Samsung is preparing to catch up in a field where Apple set the tone two years ago. 
The Galaxy S25, along with other Galaxy devices through an app update, is gaining the ability to record spatial video, a feature that made its debut on the iPhone 15 Pro in 2023 as part of Apple’s broader ecosystem push with the Vision Pro headset.
The update arrives through the Camera Assistant app – Samsung’s advanced photography toolkit that allows users to fine-tune virtually every detail of their shots. The leaked version, Camera Assistant 4.0.00.3, brings the long-rumored spatial video function. With it, Galaxy owners will be able to capture 3D video in 4K at 30 frames per second, paving the way for immersive playback experiences once Samsung’s own XR headset enters the market.

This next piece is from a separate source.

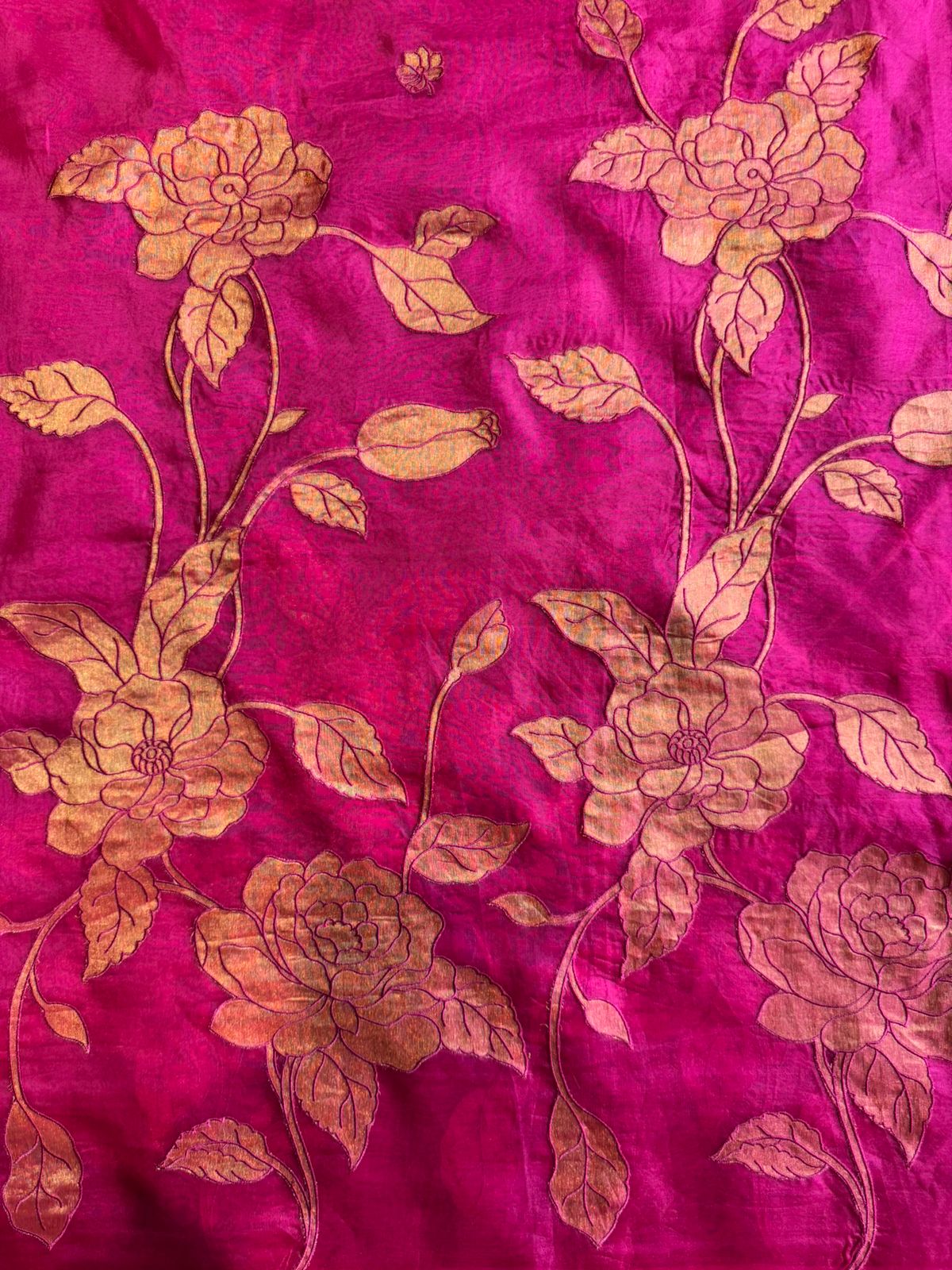 Muted antique gold, Beautiful shimmer gold appliqué floral patchwork done.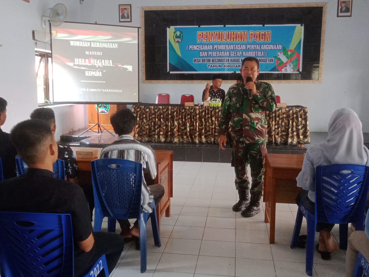 Wasbang ini dihadiri oleh Dan pos Karas Peltu Funindiyanto selaku narasumber dari Koramil Karangrejo, AKP Pardi, S.H narasumber dari Polsek Karas, Ibu Eka Tri Wahyuni narasumber dari PLKB Karas, Kades Botok, Perangkat Desa Botok, Babinsa dan Bhabinkamtibmas serta remaja warga desa Botok.

It’s not exactly shocking that this feature is only now landing on Samsung’s devices. Apple’s Vision Pro made spatial video a marketing centerpiece, but limited adoption and lukewarm sales meant the feature felt more like a niche experiment than a mainstream breakthrough. Samsung, however, appears to be playing the long game. With its upcoming Project Moohan, an Extended Reality headset scheduled for November, the company is clearly aligning hardware and software in anticipation of growing interest in immersive tech.
Project Moohan is expected to undercut Apple’s Vision Pro by a wide margin in price while delivering similar capabilities. Samsung is positioning it less as a blockbuster launch and more as a cautious experiment. The strategy is to test consumer appetite for XR headsets before doubling down on advanced AR glasses that could directly rival Meta’s long-term ambitions. That calculated move suggests Samsung has learned from Apple’s early struggles, choosing to seed the feature now rather than gamble on it too soon.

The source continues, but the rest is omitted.